Sarah along with a team of intellectual property, employment and corporate attorneys are responsible for the licensing, start-up or acquisition of dozens of financial technology business lines, including mortgage lenders, alternative financing, online lending, debt repayment, credit repair and cryptocurrencies.
As one of the few private practice attorneys in the nation with her combination of banking and consumer protection experience, Sarah represents companies in government investigations by state attorneys generals, the CFPB, state financial services departments and the Federal Trade Commission (FTC). In consumer injury matters and contract disputes involving consumer finance products and services, Sarah’s knowledge of financial regulations makes her a formidable litigator and gifted issue-spotter. She lends that knowledge to several American Indian tribal governments as they build and expand their consumer financial protection regulation, supervision and enforcement agencies.

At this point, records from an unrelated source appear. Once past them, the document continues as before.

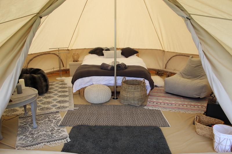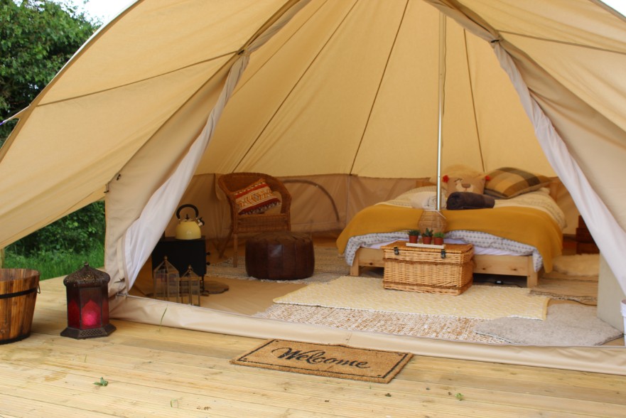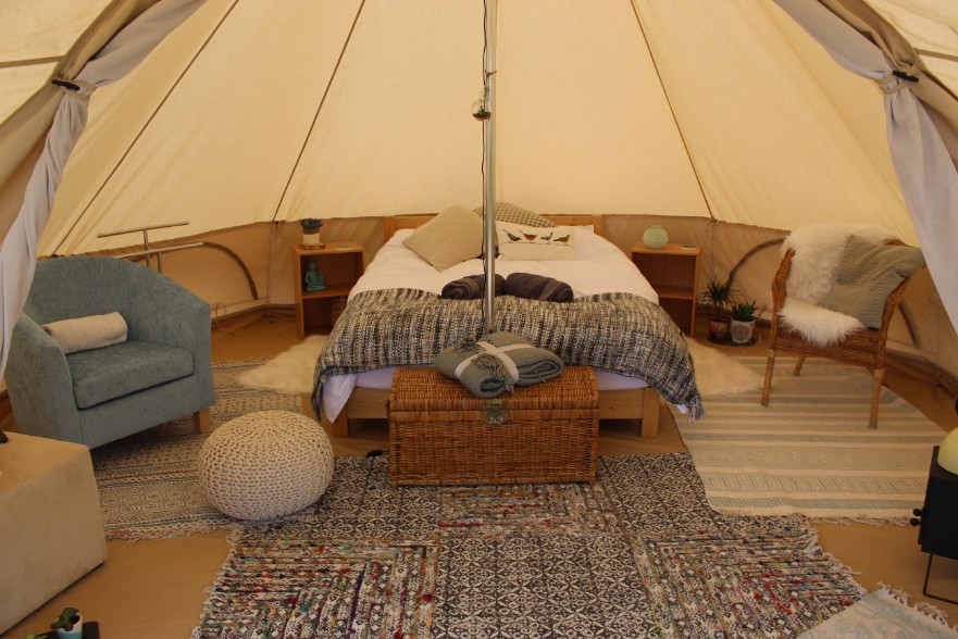 Our bell tents are set up for 2 adults sharing a double bed with some space to relax inside with casual chairs etc. We can also arrange 2 additional children’s floor beds to go into the tents. There is a one-off fee per child which would be added to the total cost for your stay.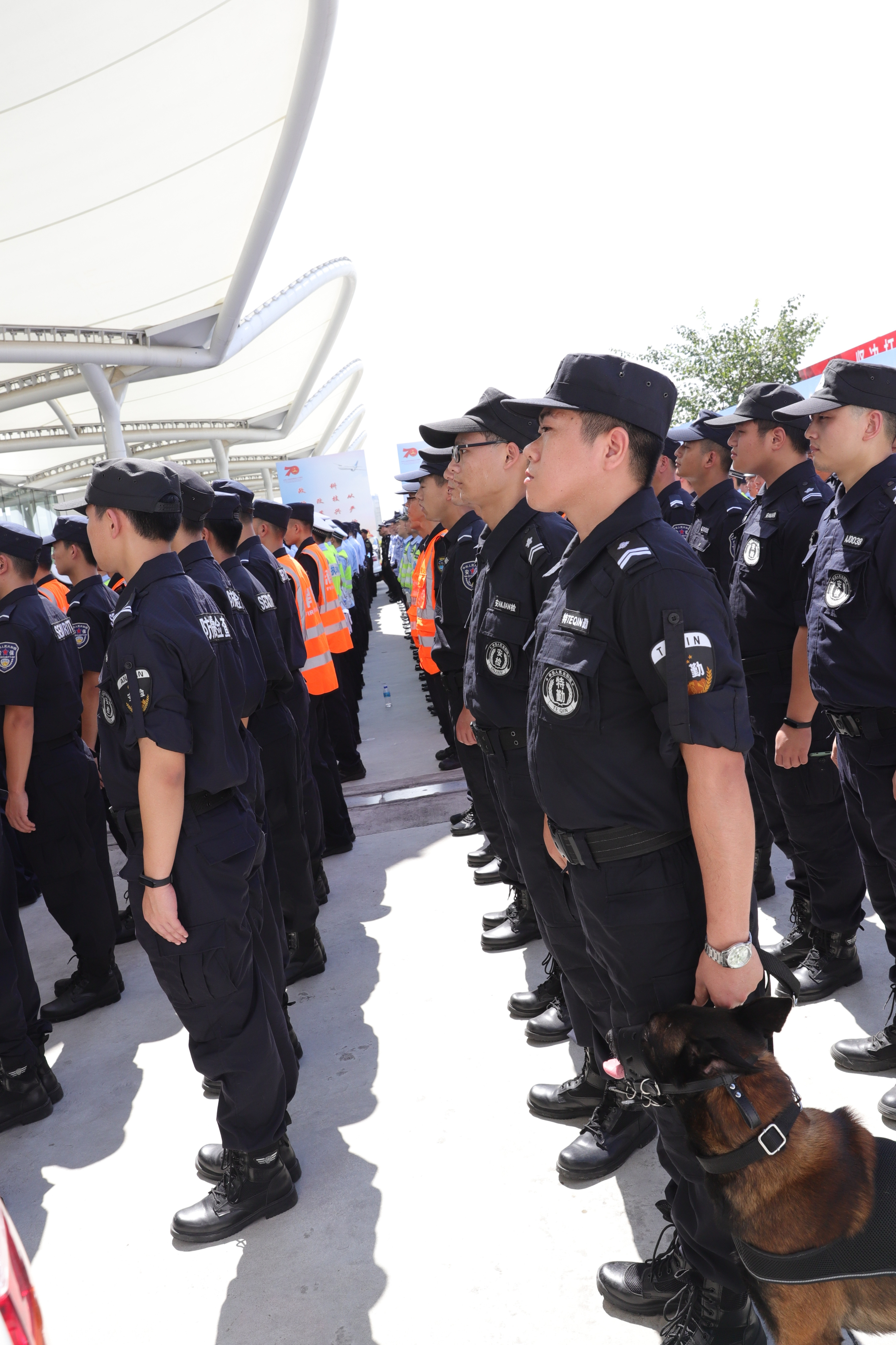 我司驻广州白云机场机场犬防中队根据机场公安局要求,派出十名队员,十只犬只参加此次誓师大会。
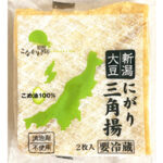 特徴新潟大豆を使用し、こめ油で揚げた油揚げ。そのまま使えるきざみタイプ。にがり100%・消泡剤不使用。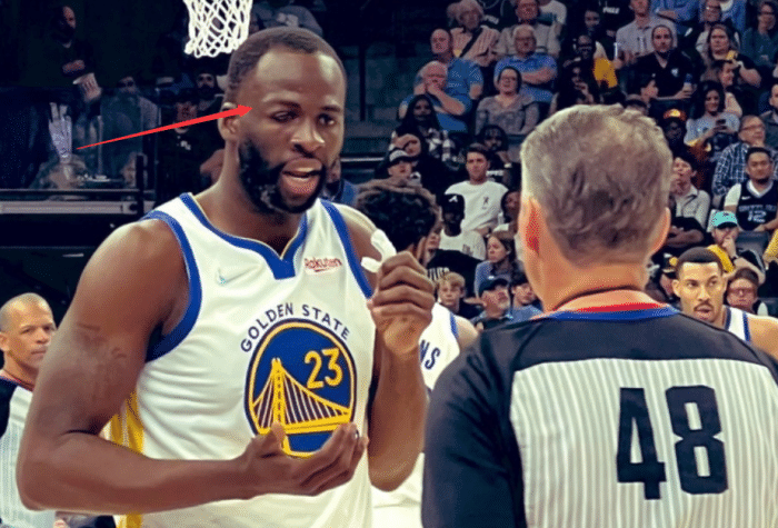 第一节8分54秒,格林惨遭蒂尔曼肘到面部,捂着面部痛苦倒地,裁判没有任何吹罚;格林返回更衣室,离场时冲着灰熊球迷竖中指;勇士官方宣布格林有眼附近撕裂,缝针后回到比赛。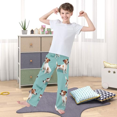 HOT ! Lovely Jack Russell Dog Boys Long Pants Soft Trousers Elastic Waist Kids Lounge Bottoms with Pockets S-XL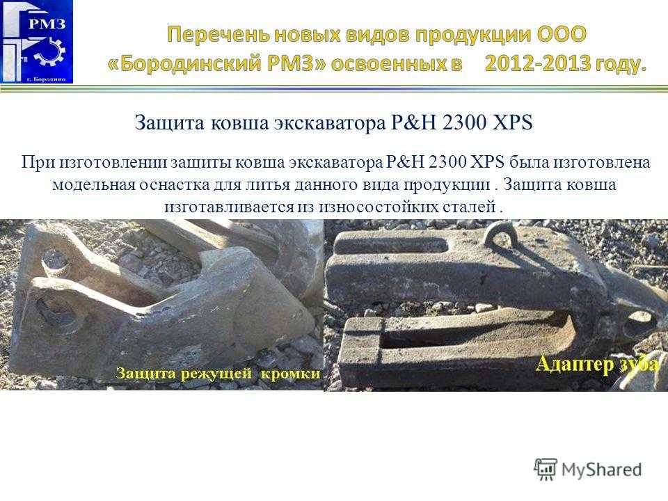 Защита ковша экскаватора P&H 2300 XPS При изготовлении защиты ковша экскаватора P&H 2300 XPS была изготовлена модельная оснастка для литья данного вида продукции. Защита ковша изготавливается из износостойких сталей.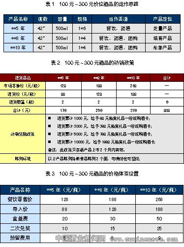 100元~300元价位带虽然市场容量巨大,但是目前行业内绝大多数企业品牌及产品尚无法运作该价位,但随着白酒行业逐步进入成熟期,未来白酒企业及经销商利润的增长将重点体现在100元~300元价位段内。因此,无论是白酒企业还是经销商,迅速占位此价格带并逐步培育出1~3款该价位段产品,将对未来发展产生爆炸性的意义。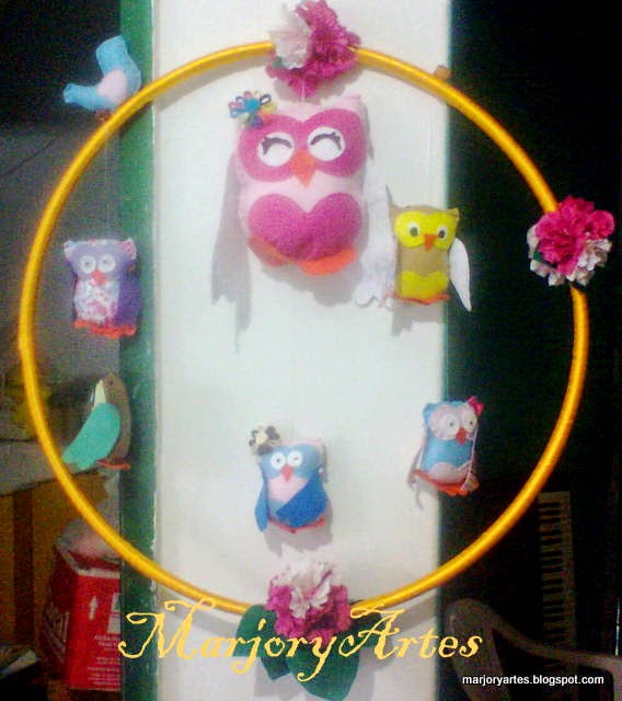 Móbile de corujinhas, em bambolê. Serão colocadas na sala de aula dos pequeninos da Mércia, professora da minha Raquel, e amiga. Obrigada amiga. Obrigada Senhor.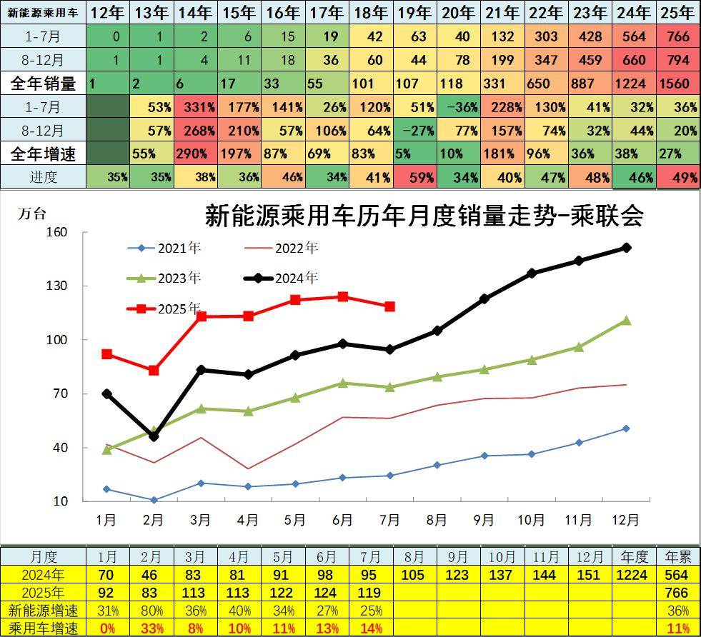 2025年7月新能源乘用車合計銷量119萬臺,同比增25%;1-7月新能源乘用車合計批發銷量766萬臺,同比增36%。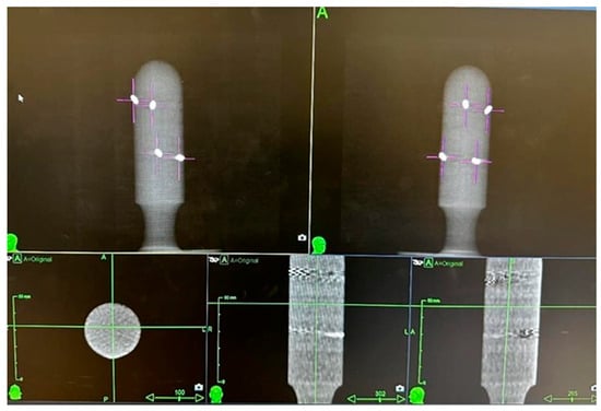 - Step 1. “CT test”: This involved the acquisition of CT simulation scans with the applicator positioned horizontally (as for endovaginal insertion) on a radiolucent solid water base and transmission of the images to the Treatment Planning System (TPS). During Step 1, the following were verified: correct insertion and positioning of the fiducials in the slots, verification of the rigid body and fiducial interval parameters. Figure 5 shows the CT images acquired and displayed on the TPS during the verification of the above parameters.

Sarah’s notable work includes handling the CFPB's first administrative proceeding and appeal to the bureau director, In the Matter of PHH Corp., as well as ECOA settlements with mortgage lenders, FCRA investigations of lenders and credit reporting agencies, and FDCPA matters with debt collection firms.
Sarah’ s compliance expertise includes most aspects of secured and unsecured consumer finance origination (TILA and ECOA); the Colorado Uniform Consumer Credit Code (UCCC); mortgages and mortgage servicing (TRID); electronic payments (EFTA, NACHA and PCI); financial information privacy and reporting (GLBA and FCRA); debt collection (FDCPA); real estate settlement procedures act (RESPA); payday, auto-title and small-dollar installment lending (UCCC and Tribal Law); multiple CFPB, FTC and Federal Reserve regulations (e.g., Reg. B, Reg. E, Reg. X, Reg. Z); unfair, deceptive and abusive acts and practices (UDAAP); Bank Secrecy Act/Anti-Money Laundering Act (BSA/AML); releasing confidential supervisory information (CSI); the Freedom of Information Act and state sunshine laws (FOIA and CORA); investigations of bank employee conduct (IAPs); brokered deposits and bank liquidity issues (FDIC Act); acquiring money transmission licenses (MTL); and investigations arising from the financial crisis.
Prior to government service, Sarah was a regulatory litigation associate in the Washington, D.C. office of Weil, Gotshal & Manges, LLP where she worked on finance and antitrust matters.